Gene linked to hair loss in African women
Professor Ncoza Dlova, Dean of UKZN’s School of Clinical Medicine and internationally renowned dermatologist, through her global collaborative work with a number of scientists; has identified a new gene that is a major cause of permanent hair loss amongst women of African descent.
They discovered the root cause of Central Centrifugal Cicatricial Alopecia (CCCA), one of the most common causes of scarring alopecia amongst African women.
This ground-breaking study, titled: ‘Variant PAD13 in Central Centrifugal Cicatricial Alopecia’ was published recently in the New England Journal of Medicine, one of the highest impact journals in medical science.
Patients with CCCA were recruited from Durban, from 2013 to 2016 and in Winston-Salem, North Carolina, from 2014 to 2017.
CCCA is defined as hair loss or spot balding that starts from the central (crown) part of the scalp and radiates outward in a circular pattern. CCCA causes destruction of the hair follicles leading to scarring and permanent hair loss.
It is very common amongst women of African descent. The root cause of this condition has always been elusive and alluded to the use of damaging chemical products on the hair as well as the application of heat brushes, hot combs or straighteners.
It has often been confused with female pattern hair loss or common baldness which is a completely different entity.
This study found that the gene, peptidylarginine deiminase 3, (PAD13); which mediates posttranslational modification of proteins essential for proper hair shaft 2 formation was mutated in the majority of affected patients suggesting that the disease is genetically heterogeneous.
So what can we learn from these research findings?
The results suggests that PADI3 mutations predispose individuals to CCCA and this presents or is triggered by environmental factors like damaging
hair grooming practices like use of hair chemicals, traction, heat , braids and weaves.
This implies that in affected families, the above mentioned practices should be totally discouraged.

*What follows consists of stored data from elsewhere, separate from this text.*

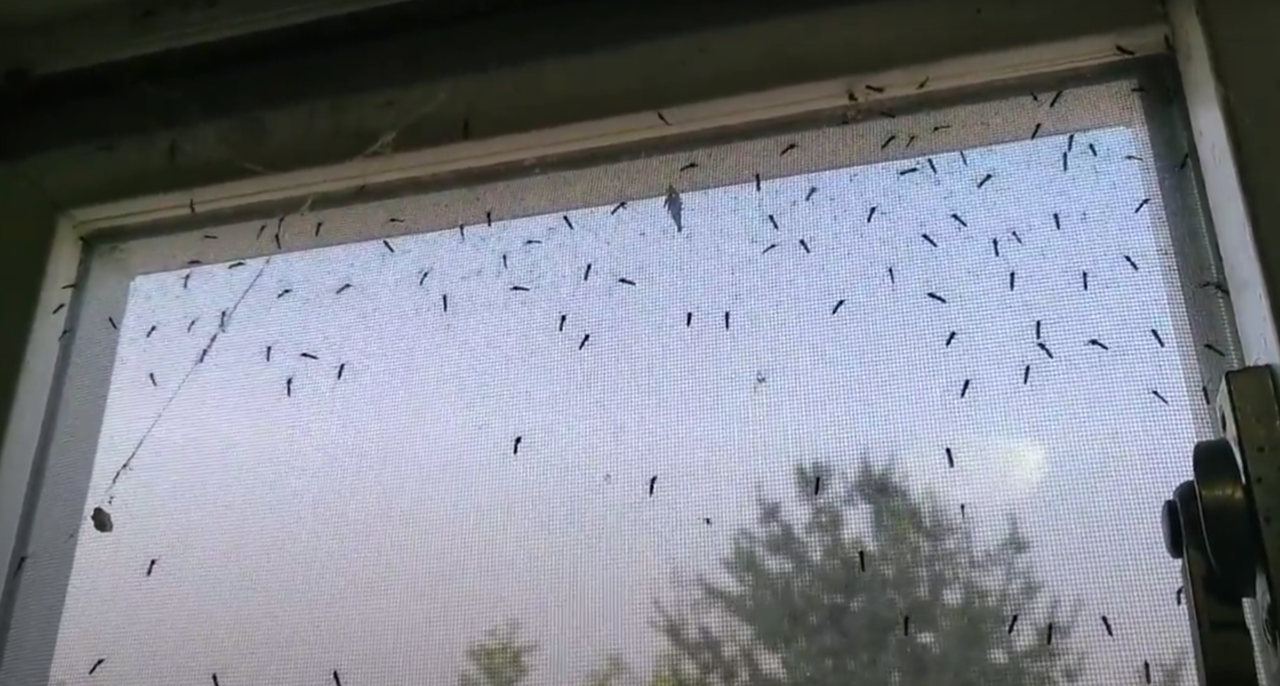 | 방충망에 모기떼가 붙어 있다.[X(구 트위터) 갈무리] |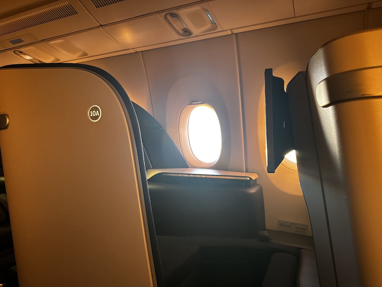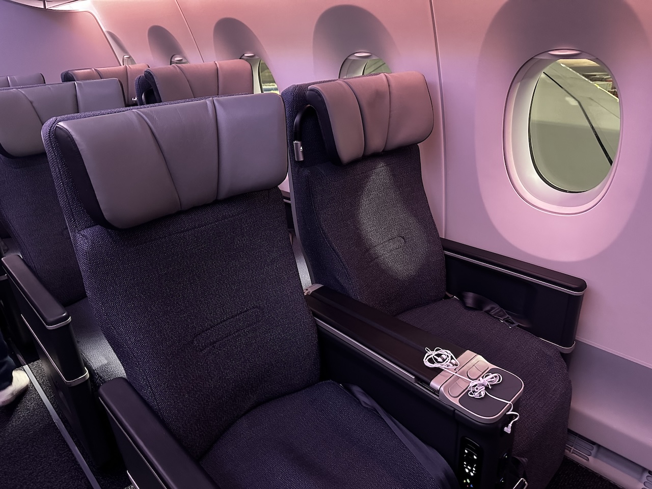Die Maschine parkte auf dem Vorfeld, wir mussten also mit Bussen zum Airbus A350 fahren. Dort warteten wir noch etwa 10 Minuten bis wir dann ins Flugzeug durften. Zwei gut gelaunte Flugbegleiterinnen begrüßten uns und halfen den Einsteigenden bei der Orientierung.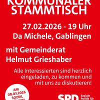 Der nächste „Kommunale Stammtisch“ unter dem Motto „MITEINANDER – sprechen – diskutieren - der Gablinger SPD wird Anfang nächsten Jahres im Bürgerhaus in der Gablinger Siedlung stattfinden und der genaue Zeitpunkt rechtzeitig bekanntgegeben.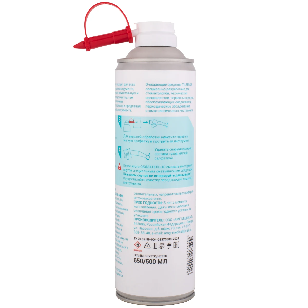 Очищающее средство в виде спрея марки TILBERG предназначено для профессионального ухода за прямыми и угловыми стоматологическими наконечниками, воздушными и электромоторами, шарикоподшипниковыми механизмами, прочим инструментом. Специальная формула эффективно удаляет остатки биоматериалов перед смазкой, растворяет стойкие загрязнения, остатки отработанного масла и дезинфицирует наконечники и микромоторы.
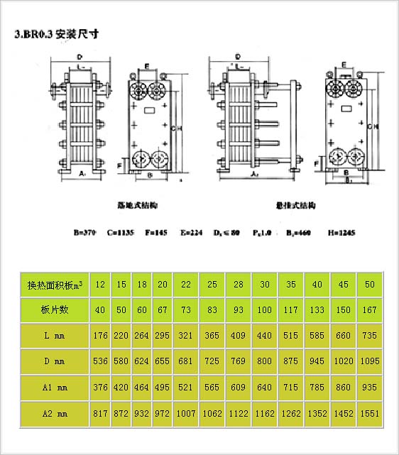 | BR0.3型板式换热器是一种新型节能的换热设备。BR0.3型板式换热器主要由不锈钢压制的传热片、密封胶垫、夹紧螺栓和压紧板整机框架等零部件组成。具有换热效率高,物料流阻损失小,结构紧凑,温度控制灵敏,操作弹性大,拆装方便,使用寿命长等特点,是目前国内最先进的高效节能换热设备。 BR0.3型板式换热器可耐各种腐蚀介质,传热效率高,冷热介质通过相邻板片流经各自通道进行换热。由于板片上有人字形波纹,介质流动形成湍流, 因此获得较高的换热效率。高效节能,传热系数高。其换热系数可达3000-4500kcal/m2.゜C.h.是相同流速下管壳式换热器的3倍以上。使用安全可靠,结构紧凑,体积小,占地少,是同等换热面积管壳式换热器的五分之一左右。 BR0.3型板式换热器组合灵活,调整维修方便,松开压紧螺母即可进行清洗维护(可参考板式换热器设备清洗要点),更换胶垫或板片。板式换热器板片均为独立元件,可按用户要求随意增减换热面积和流程。密封槽设置泄液液道,各种介质不会串通,即使出现泄漏,也是向外排出。 BR0.3型板式换热器各个部件的功能: BR0.3型板式换热器订货须知: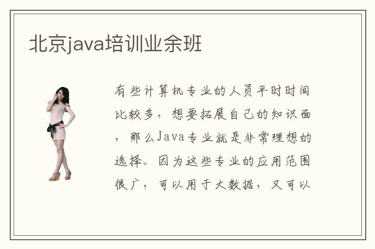 有些计算机专业的人员平时时间比较多,想要拓展自己的知识面,那么Java专业就是非常理想的选择。因为这些专业的应用范围很广,可以用于大数据,又可以用科学计算机运算等等。而大家如果想要学习,可以多关注北京java培训业余班,在老师的帮助后也对这些领域有更加深刻的理解。北京java培训业余班好不好,如果觉得自己在计算机专业领域没有太多了解,也不知道应该要学习哪些方向,那么不妨报名Java培训业余班,了解大概的专业知识内容,都是能避开各种专业的难度,在学习的过程中可以充分挖掘这些专业的优势以及兴趣。北京java培训业余班优势主要是专业能力强,也通过寓教于乐和1对1指导等多种特色的课程服务方法,让更多Java专业的学生学有所成,也在学习的过程中积累更多经验,树立坚定的自信。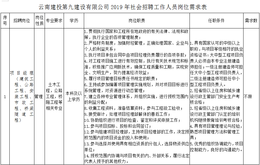 云南建投第九建設有限公司2019年社會招聘簡章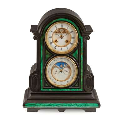 FRENCH SLATE AND MALACHITE MANTEL CLOCK WITH PERPETUAL CALENDAR DIAL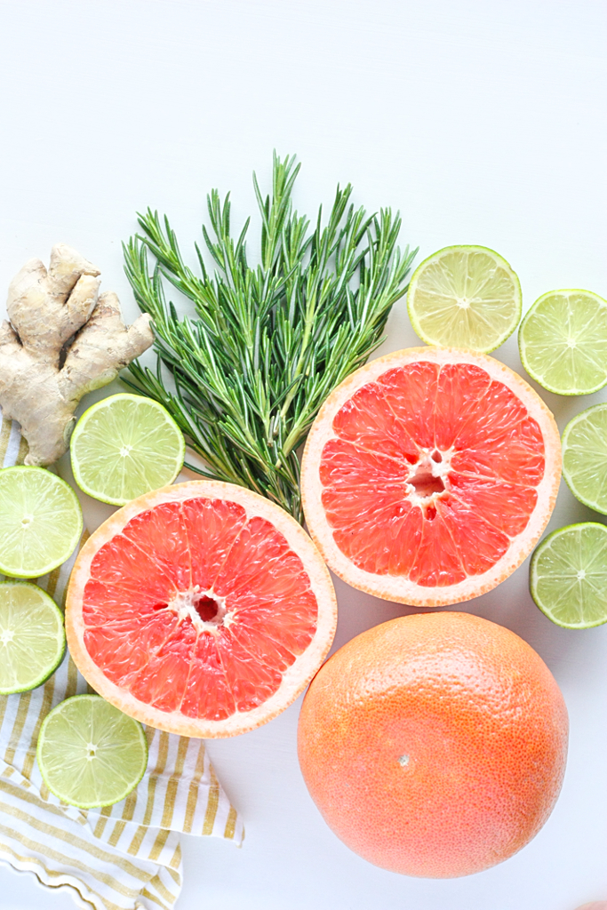 grapefruit spritzer with rosemary-ginger syrup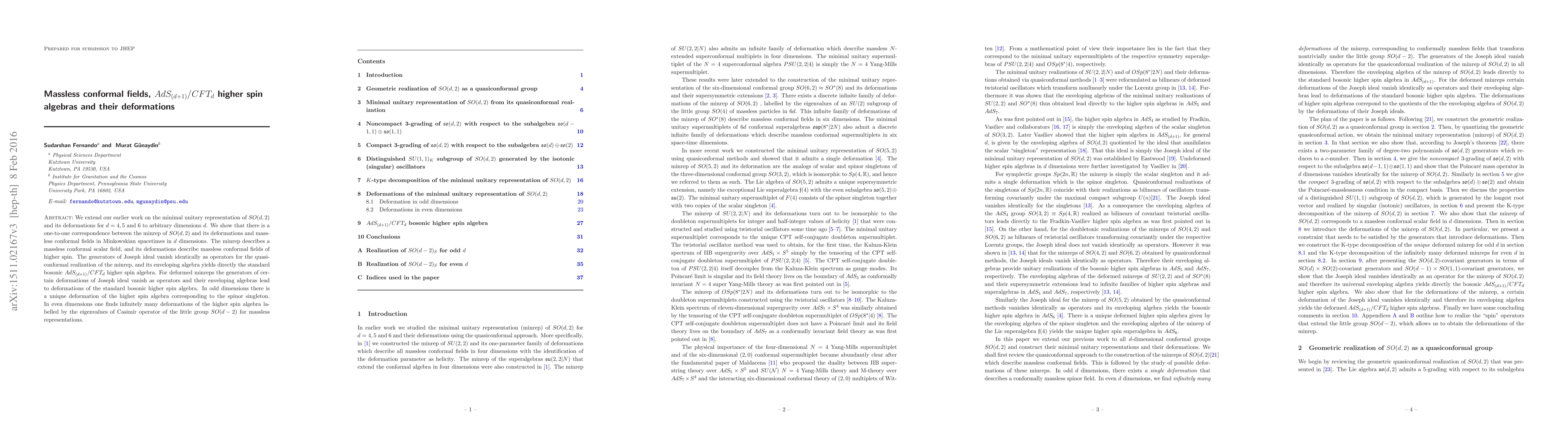 We extend our earlier work on the minimal unitary representation of $SO(d,2)$ and its deformations for $d=4,5$ and $6$ to arbitrary dimensions $d$. We show that there is a one-to-one correspondence between the minrep of $SO(d,2)$ and its deformations and massless conformal fields in Minkowskian spacetimes in $d$ dimensions. The minrep describes a massless conformal scalar field, and its deformations describe massless conformal fields of higher spin. The generators of Joseph ideal vanish identically as operators for the quasiconformal realization of the minrep, and its enveloping algebra yields directly the standard bosonic $AdS_{(d+1)}/CFT_d$ higher spin algebra. For deformed minreps the generators of certain deformations of Joseph ideal vanish as operators and their enveloping algebras lead to deformations of the standard bosonic higher spin algebra. In odd dimensions there is a unique deformation of the higher spin algebra corresponding to the spinor singleton. In even dimensions one finds infinitely many deformations of the higher spin algebra labelled by the eigenvalues of Casimir operator of the little group $SO(d-2)$ for massless representations.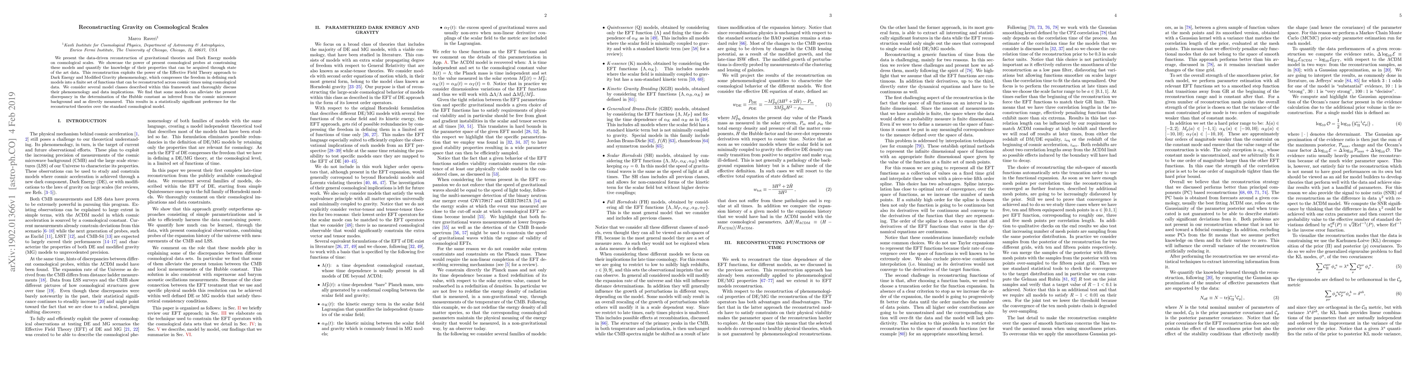 We present the data-driven reconstruction of gravitational theories and Dark Energy models on cosmological scales. We showcase the power of present cosmological probes at constraining these models and quantify the knowledge of their properties that can be acquired through state of the art data. This reconstruction exploits the power of the Effective Field Theory approach to Dark Energy and Modified Gravity phenomenology, which compresses the freedom in defining such models into a finite set of functions that can be reconstructed across cosmic times using cosmological data. We consider several model classes described within this framework and thoroughly discuss their phenomenology and data implications. We find that some models can alleviate the present discrepancy in the determination of the Hubble constant as inferred from the cosmic microwave background and as directly measured. This results in a statistically significant preference for the reconstructed theories over the standard cosmological model.

Commenting on this exciting finding, Dlova said:
‘This is probably the biggest breakthrough in South African Dermatology. This discovery is a first in the world, and it followed links to my earlier publication of 2013, in which I reported for the first time a familial association in a cluster of black South African families with CCCA and have been following the 15 families for 5 years, and 7yrs later a gene has been identified.
This has huge implications on early diagnosis, prevention and possible future targeted therapy of CCCA.’